Syekh Yusri menambahkan, bahwa ini adalah perumpamaan orang alim dan orang jahil. Orang yang alim diibaratkan seperti mereka yang berada di atas kapal, sehingga memiliki pandangan yang lebih luas, sebagaimana orang alim memiliki keluasan ilmu serta mengetahui dalam menerapkan hukum dan mengamalkannya.

Adapun orang jahil diibaratkan seperti mereka yang berada dibawah kapal, yang tidak melihat apa yang terjadi diluar kapal sana, begitu juga dengan mereka, dengan segala kekurangan ilmunya. Pada lanjutan hadits ini dikatakan

“فَكَانَ الَّذِينَ فِى أَسْفَلِهَا إِذَا اسْتَقَوْا مِنَ الْمَاءِ مَرُّوا عَلَى مَنْ فَوْقَهُمْ فَقَالُوا لَوْ أَنَّا خَرَقْنَا فِى نَصِيبِنَا خَرْقًا وَلَمْ نُؤْذِ مَنْ فَوْقَنَا فَإِنْ يَتْرُكُوهُمْ وَمَا أَرَادُوا هَلَكُوا جَمِيعًا وَإِنْ أَخَذُوا عَلَى أَيْدِيهِمْ نَجَوْا وَنَجَوْا جَمِيعًا”

Artinya: “Maka orang-orang yang berada di bagian bawah kapal ketika menghendaki air, maka mereka harus naik kepada orang yang berada di bagian atasnya, lalu mereka berkata : “ bagaimana kalau kita buat lubang saja di bagian kita ini sehingga kita tidak mengganggu orang di atas kita “. Maka jikalau orang yang berada di atas kapal membiarkan keinginan mereka untuk melubanginya, maka semuanya akan tenggelam. Akan tetapi jikalau mereka mengulurkan tangan kepada orang yang di bawahnya, maka mereka semua akanlah selamat “(HR. Bukhari).

Ketika mereka yang berada di bagian bawah kapal menghendaki untuk mengambil air, maka hendaknya naik ke bagian atas untuk mengambilnya.
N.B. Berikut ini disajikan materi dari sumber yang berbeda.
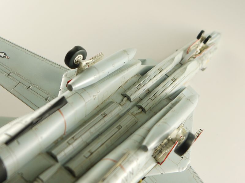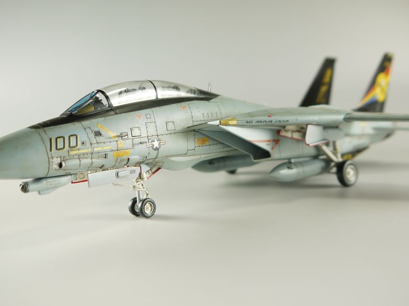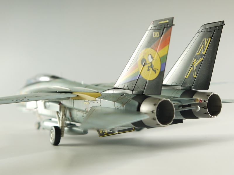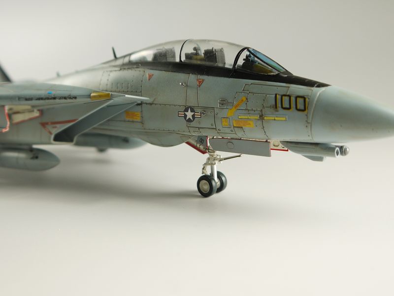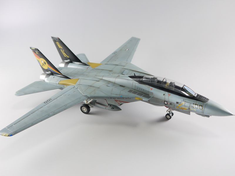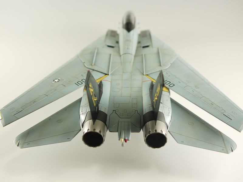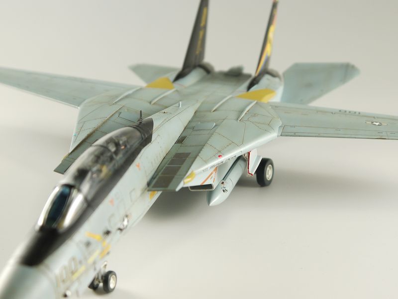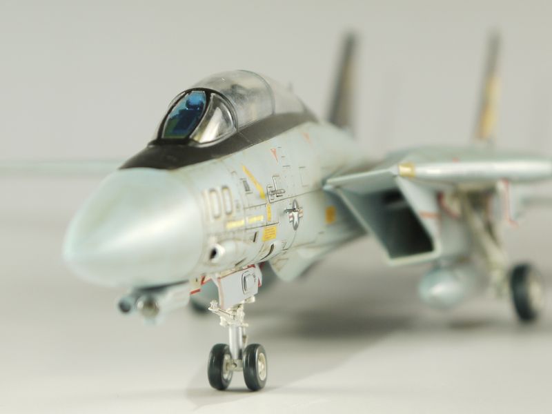 さて、製作も塗装もお手本通りで、特にアピールすることもないのですが、 コクピットをこつこつ作って、 マスキングしつつ、上面色307番、下面色308番をドバーっと塗装 デカールを貼ってフラットベース(なめらか)でコーティング エナメルでウォッシングして、 脚回りやアンテナを組み立てて完成!

Sebagaimana orang jahil yang tidak mengetahui sebuah hukum, maka hendaknya bertanya kepada para ulama.

Akan tetapi dengan kejahilannya itu, mereka berkata, sudahlah kita tidak usah naik ke atas untuk mengambil nya, sepertinya kita akan lebih mudah ketika membuat lubang dari bawah kapal ini dan mengambilnya langsung.